The $9.99 Textbook - jasonlbaptiste
http://jasonlbaptiste.com/jason-l-baptiste-random-thoughts/999-textbook/
======
bugs
I don't really want to see textbooks change that much, at least the good ones
that is in any aspect other than cost.

I have only used one electronic textbook and I found that paper books are much
easier to use in every way except for cost.
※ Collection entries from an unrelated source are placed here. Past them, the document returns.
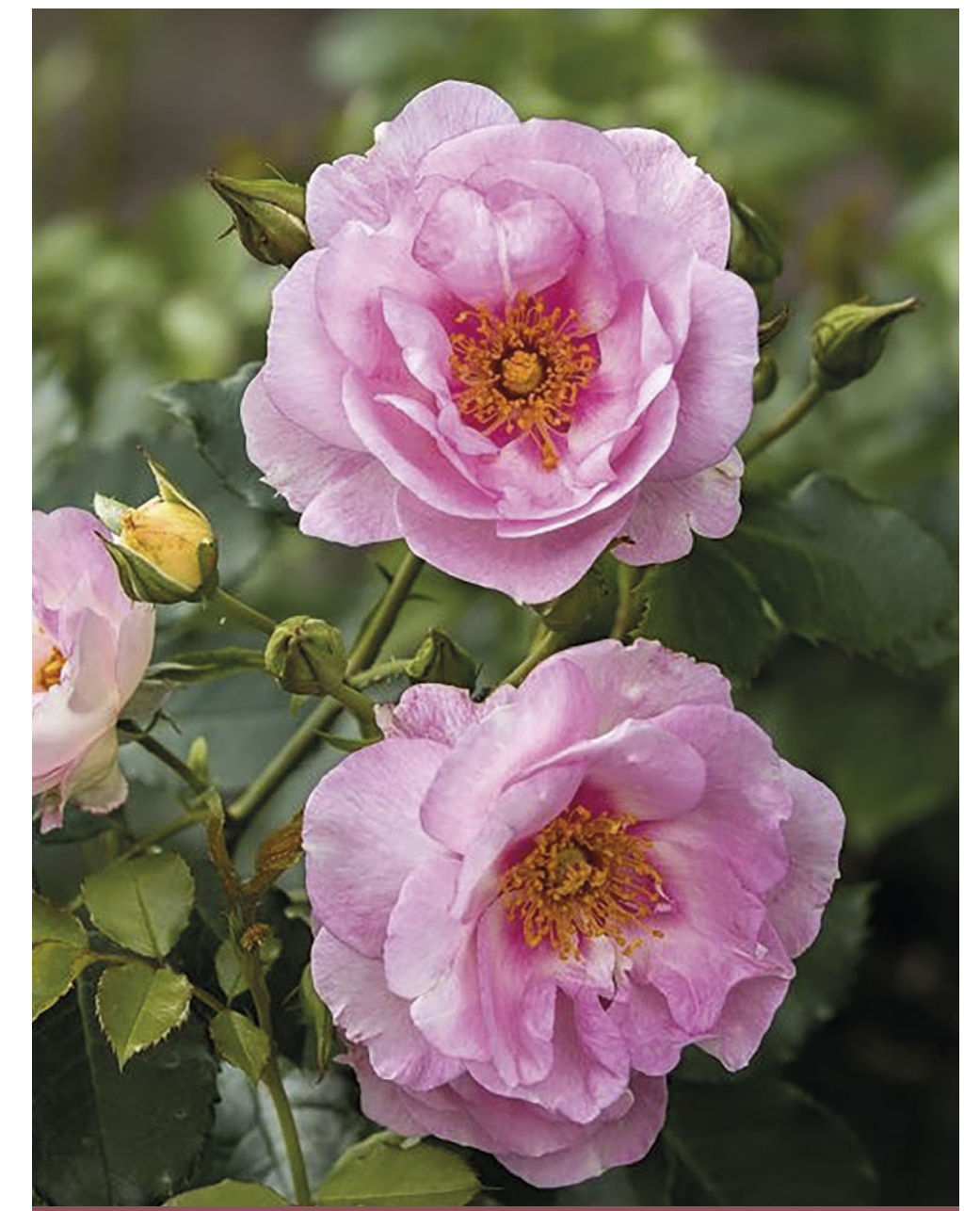
Oriente Magnolia® lichtroze / rose pâle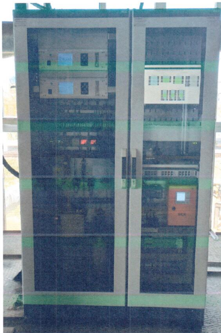
Рисунок 1.8 – Фотография шкафа газового анализа и шкафа серверного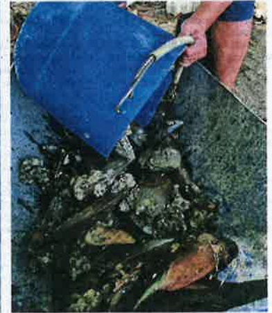
A variety of shellfish, some which are exotic, that were caught by fishermen.

"Occasionally, we get exotic crabs or shellfish such as meio meio , a large sea snail. This is a delicacy not for the faint-of-heart," concluded Phang.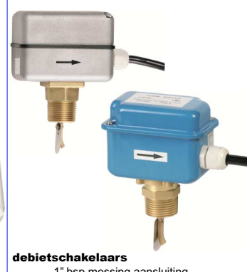
debietschakelaars 1" bsp messing aansluiting max. 10 bar / max. +110°C fig 895 : metalen kast IP54 fig 896 : aluminium kast IP64 schakelcontact 230V 10A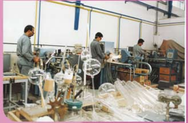
ورشة إنتاج الزجاجات المختبرية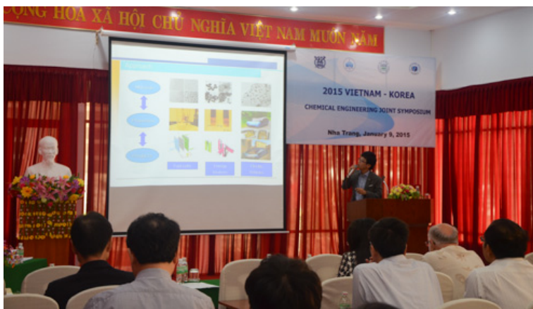
GS. Kim Seok (Hàn Quốc) trình bày báo cáo tại hội thảo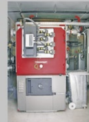
Caldaia industriale HPKI-K 120-900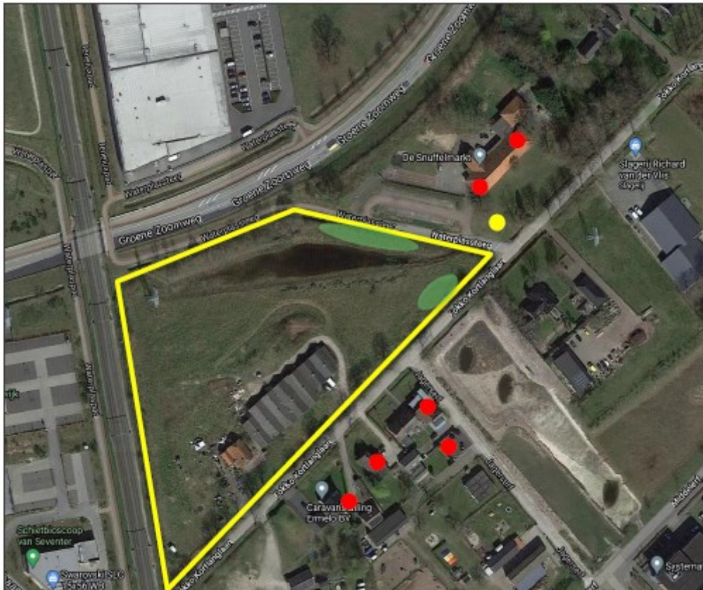
Figuur 1. Overzicht van de tijdelijke mitigatie voor de huismus met de locatie van de mussentil (gele stip) en de indicatieve locaties voor de losse nestkasten (rode stippen). De permanente voorzieningen worden in de nieuwbouw binnen het projectgebied gerealiseerd. De exacte locaties hiervan en het ontwerp worden bepaald in overleg met de ecologisch deskundige.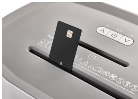
Skartovač DAHLE PaperSAFE® 240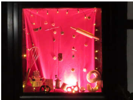
9 – Lars Ulrich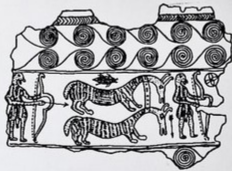
Фрагмент рисунка с бронзового веинского сосуда. Tapılan hazırlanmış dəyüçü kəməri rəsminin fragmenti.

həkk etmiş ovçu kibernetikanın banisi Norbert Vineç, Arximed və Lobaçevski qədər dahidir. Hesabın ünsürlərini tətbiq edən Azix mağarasının sakinini riyaziyyat elminin meydana gəlməsinin müjdəçisi olmaqla yanaşı, daha mühüm təşəbbüsə – öz fikirlərini təsbit etməyə, biliklərini qoruyub saxlamağa ilk dəfə olaraq say göstərmişdir.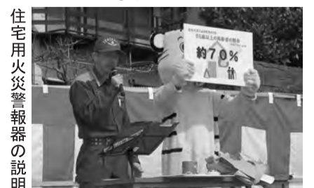
住宅用火災警報器の説明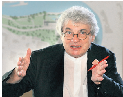
Architekt Mario Botta.

ein Restaurant vorgesehen. Die Denkmalpflege habe keine Einwände gegen diese Entwürfe geäussert, sagt Zehnder. Die bereits in stand gesetzte neubarocke Ochsen-Dépendance eingangs des Bäderquartiers bezeugt, dass Zehnder nicht der Schaumsträger ist, für den ihn manche Badener hielten. Die vielen geplatzten Pläne rund um die Wiederbelebung des einst international angesagten Bäderquartiers haben sie miss-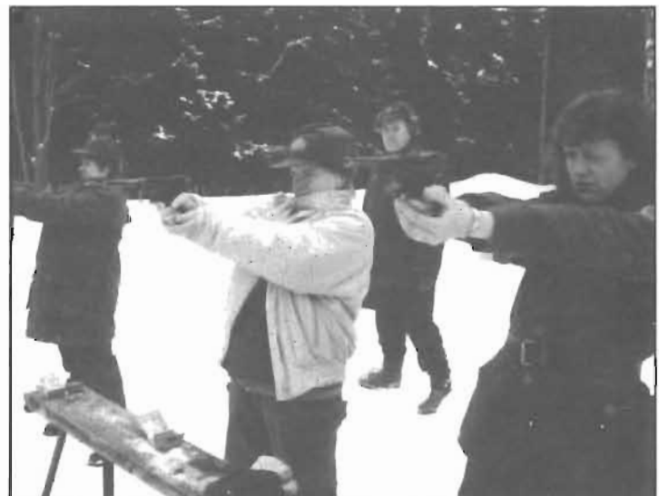
"Släng dig i väggen Rambo" – oss tar du aldrig!

Searching a electronic textbook
might be okay but I find indexes are very easy to use most of the time and the
rest of the time you aren't looking for the right thing.

On the subject of having facebook to help understand concepts I always find
that interaction on a face to face basis for learning is much quicker and if
you go to a large enough college it is relatively easy to find people in your
class out in the common area for help.

Some of my best books, like the Hibbeler books on statics, dynamics, and
mechanics of materials (<http://www.pearsonhighered.com/hibbeler/>), are very
good and were well worth the money I paid for them.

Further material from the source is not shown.